## Work to complete
Every line of the listing below should be written out exactly, minus its pictures.

##### Information supplied #####

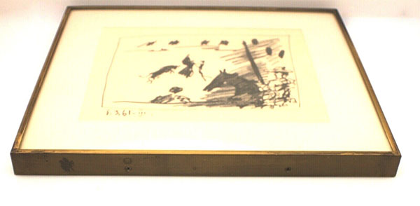 This item is in great condition and has been framed professionally back in 1961 in gold color. It is 16.75″ x 14.25′ x 1.75″
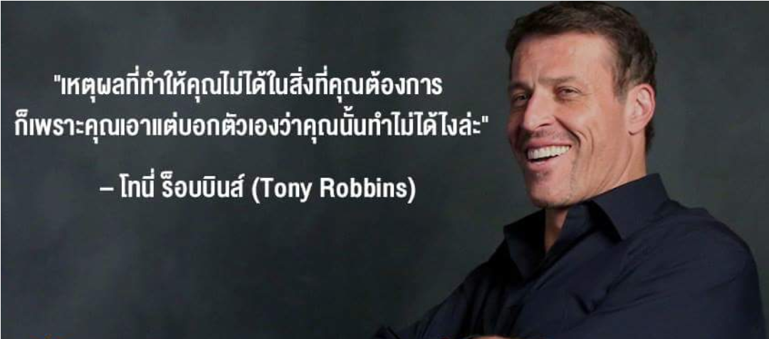 "เหตุผลที่ทำให้คุณไม่ได้ในสิ่งที่คุณต้องการ ก็เพราะคุณเอาแต่บอกตัวเองว่าคุณนั้นทำไม่ได้ไงล่ะ" – โทนี่ ร็อบบินส์ (Tony Robbins)
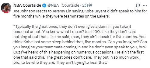 北京时间3月8日,前NBA球员乔-约翰逊在直播节目中谈到林书豪曾说自己在湖人当队友时,科比整整五个月没跟他说过话,并给出如下回应。
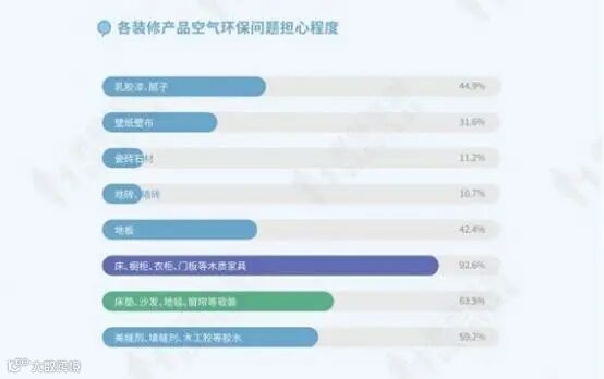 消费者对板材、木质家具最为担忧,高达92.6%,然后依次是床垫沙发等软装、美缝剂等胶水。

#####

## Exercise response
 This item is in great condition and has been framed professionally back in 1961 in gold color. It is 16.75″ x 14.25′ x 1.75″
 "เหตุผลที่ทำให้คุณไม่ได้ในสิ่งที่คุณต้องการ ก็เพราะคุณเอาแต่บอกตัวเองว่าคุณนั้นทำไม่ได้ไงล่ะ" – โทนี่ ร็อบบินส์ (Tony Robbins)
 北京时间3月8日,前NBA球员乔-约翰逊在直播节目中谈到林书豪曾说自己在湖人当队友时,科比整整五个月没跟他说过话,并给出如下回应。
 消费者对板材、木质家具最为担忧,高达92.6%,然后依次是床垫沙发等软装、美缝剂等胶水。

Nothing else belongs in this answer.